Sekundäre Prävention
Die frühzeitige Einleitung der HF-Therapie ist entscheidend, sobald Kardiotoxizität festgestellt wird:
- ACEIs/ARBs und β-Blocker: Erstlinienmittel zur Umkehrung der LV-Dysfunktion. Die MANTICORE-Studie zeigte, dass Perindopril oder Bisoprolol die LVEF bei Trastuzumab-behandelten Patienten erhielten.
- Diuretika: Management von Volumenüberlastung bei symptomatischer HF.
- Devicetherapie: Implantierbare Kardioverter-Defibrillatoren (ICDs) werden für Überlebende lebensbedrohlicher Arrhythmien mit einer Lebenserwartung >1 Jahr empfohlen.
Bei Trastuzumab-induzierter Kardiotoxizität kann die HF-Therapie nach Normalisierung der LVEF abgesetzt werden, während anthrazyklinbedingte Dysfunktion oft eine lebenslange Behandlung erfordert.
Klinische Studien und Kontroversen
Prospektive Studien zeigen die Heterogenität in kardioprotektiven Strategien:
- Die OVERCOME-Studie (Enalapril + Carvedilol) zeigte eine signifikante Erhaltung der LVEF bei Patienten mit hämatologischen Malignomen, die eine Hochdosischemotherapie erhielten.
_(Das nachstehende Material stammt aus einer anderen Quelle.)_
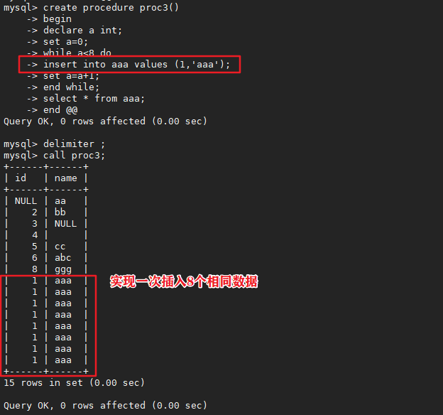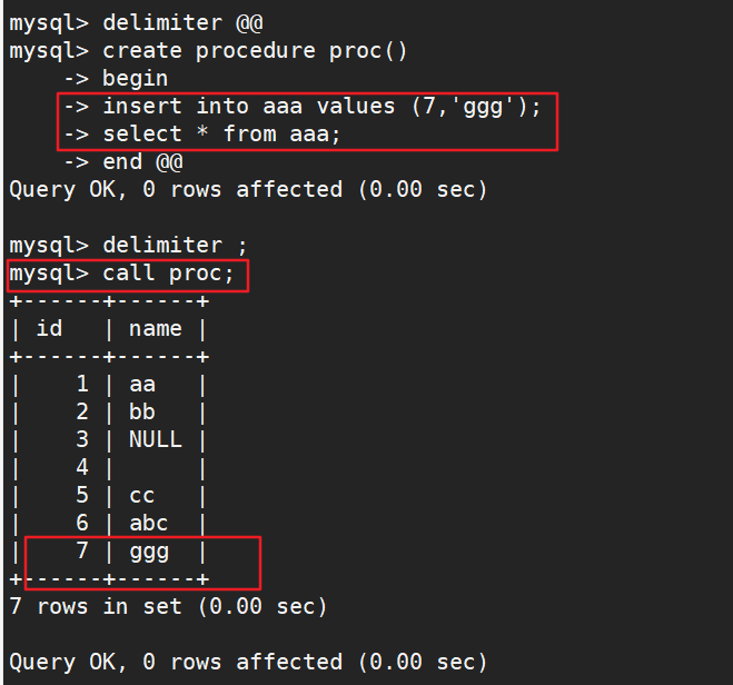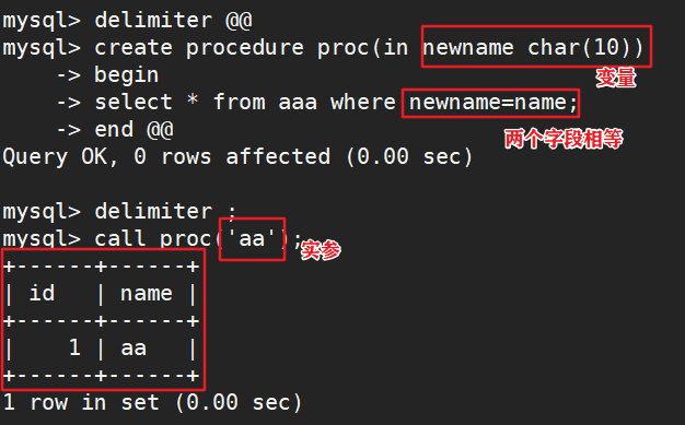 delimiter 结束符 #将语句的结束符号从分号;临时修改,以防出问题,可以自定义
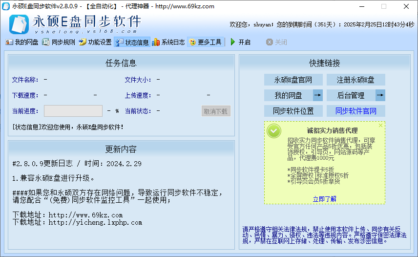 介绍:永硕E盘同步软件,是一款运用到网络的软件;您使用需要已经接入互联网;并且您的电脑能够正常访问永硕E盘相关网页。
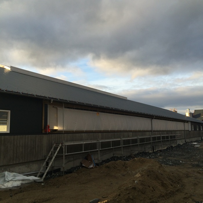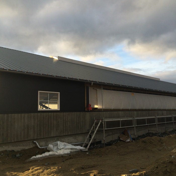 Fjøset er oppført i stålkonstruksjoner, og har sandwich på vegg. Det blir naturlig ventilasjon, noe som gir et svært godt klima for dyra.
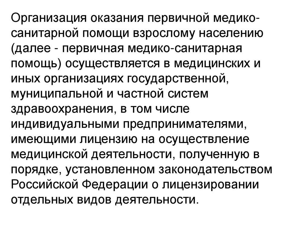 Организация оказания первичной медикосанитарной помощи взрослому населению(далее - первичная медико-санитарная
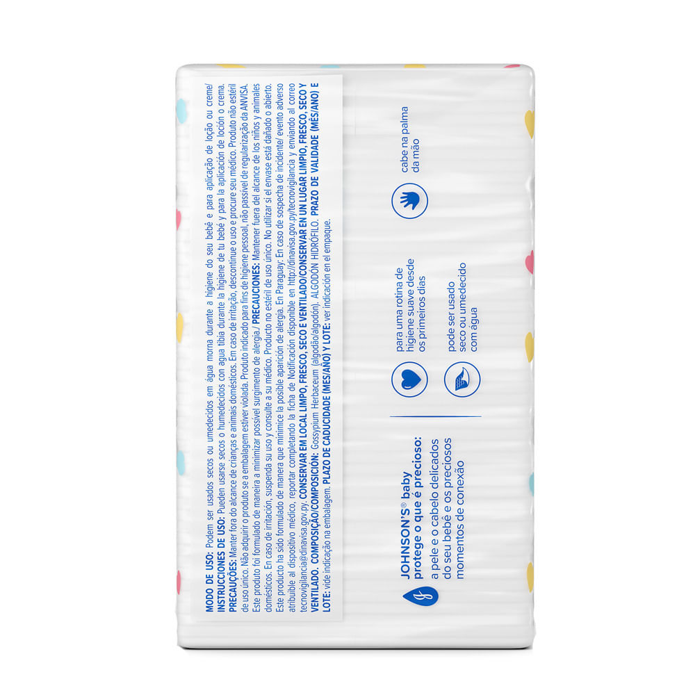 Algodão Quadrado Johnson's Baby Recém Nascido Os Quadrados de Algodão Recém-Nascido JOHNSON’S® baby proporcionam uma rotina de higiene suave desde os primeiros dias de vida. Ideais para recém-nascidos
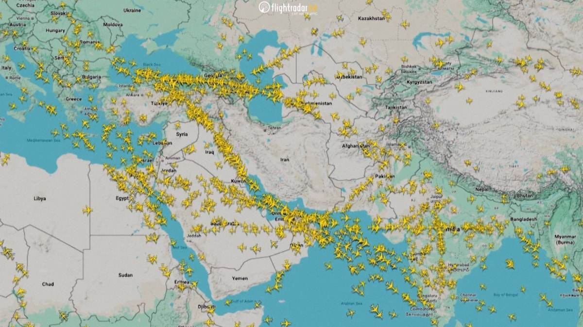 이란이 지난 14일(이하 현지시각) 밤부터 영공을 폐쇄하며 허가 받은 국제선을 제외한 항공편 이착륙을 금지했다. 사진은 지난 14일 일시적으로 폐쇄된 이란 항공 스크린샷. /사진=플라이트레이더24 캡처
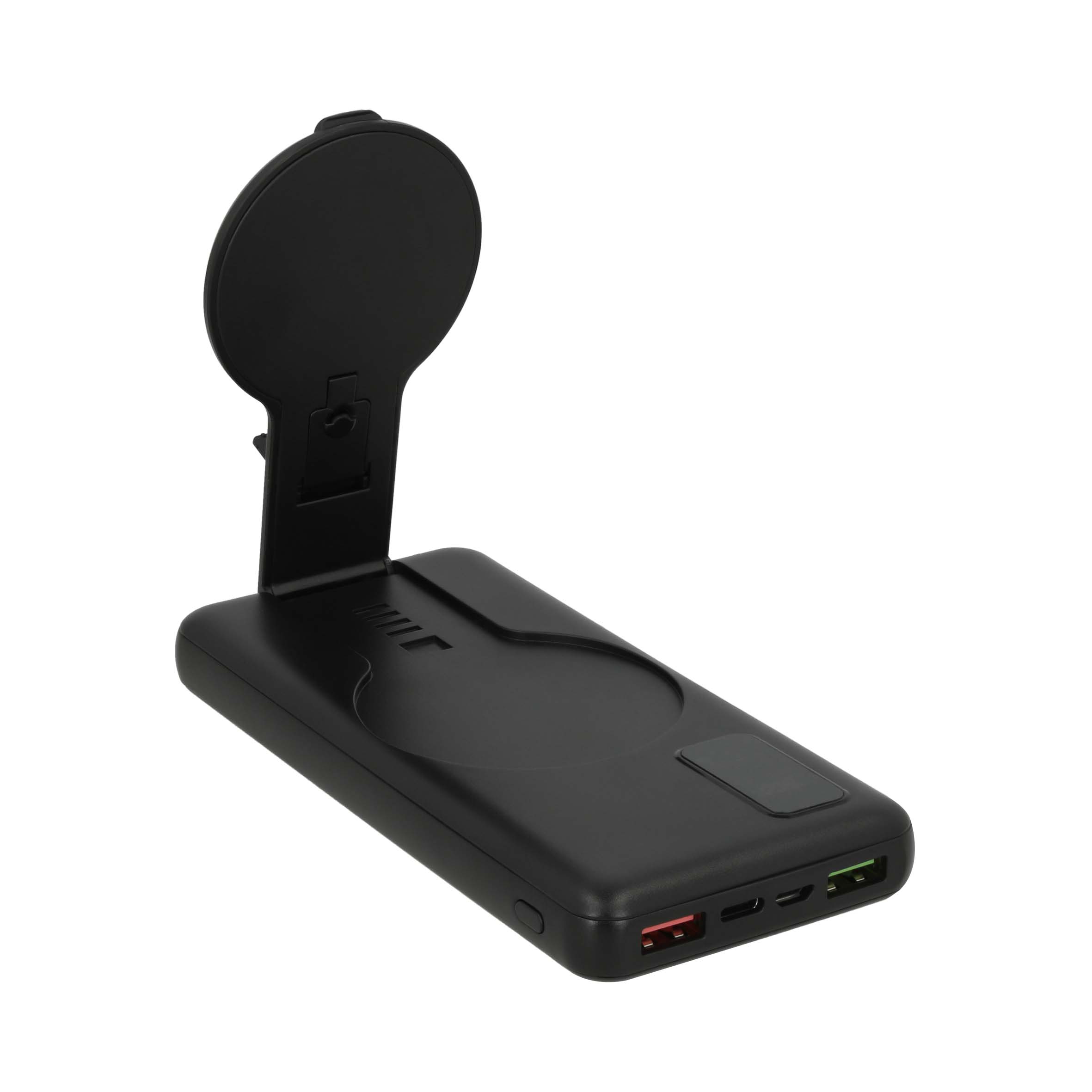 WATT Power Bank wireless de 10,000 mAh con soporte para celular plegable, 2 entradas USB, 1 v5 y 1 tipo C. (Compatible con dispositivos con tecnología Qi).

- Im Gegensatz dazu fand die PRADA-Studie (Candesartan + Metoprolol) keinen Nutzen bei Brustkrebspatientinnen, die Anthrazyklin-Taxan-Regime erhielten.
- Die CECCY-Studie berichtete über keine präventive Wirkung von Carvedilol allein gegen Anthrazyklin-Toxizität, was die Notwendigkeit von Kombinationstherapien in Hochrisikokohorten unterstreicht.
Zukünftige Richtungen
Die Kardio-Onkologie erfordert kollaborative, patientenzentrierte Versorgungsmodelle, die Risikovorhersagewerkzeuge, Biomarker und fortschrittliche Bildgebung integrieren. Zu den wichtigsten Prioritäten gehören:
- Validierung von Risikoscores, die genetische, klinische und therapiebezogene Faktoren einbeziehen.
- Optimierung von Überwachungsprotokollen unter Verwendung von Biomarkern und Strain-Imaging.
- Untersuchung neuartiger Kardioprotektiva, die entzündliche und metabolische Signalwege ansprechen.
Schlussfolgerung
Onkologen müssen die Wirksamkeit der Antitumortherapie mit der kardiovaskulären Sicherheit durch rigorose Risikobewertung, maßgeschneiderte Überwachung und rechtzeitige Intervention in Einklang bringen. Dexrazoxan, ACE-Hemmer und β-Blocker bleiben Eckpfeiler der Therapie, obwohl individuelle Ansätze entscheidend sind. Mit der Weiterentwicklung der Kardio-Onkologie wird die multidisziplinäre Zusammenarbeit die Überlebensraten von Krebspatienten verbessern.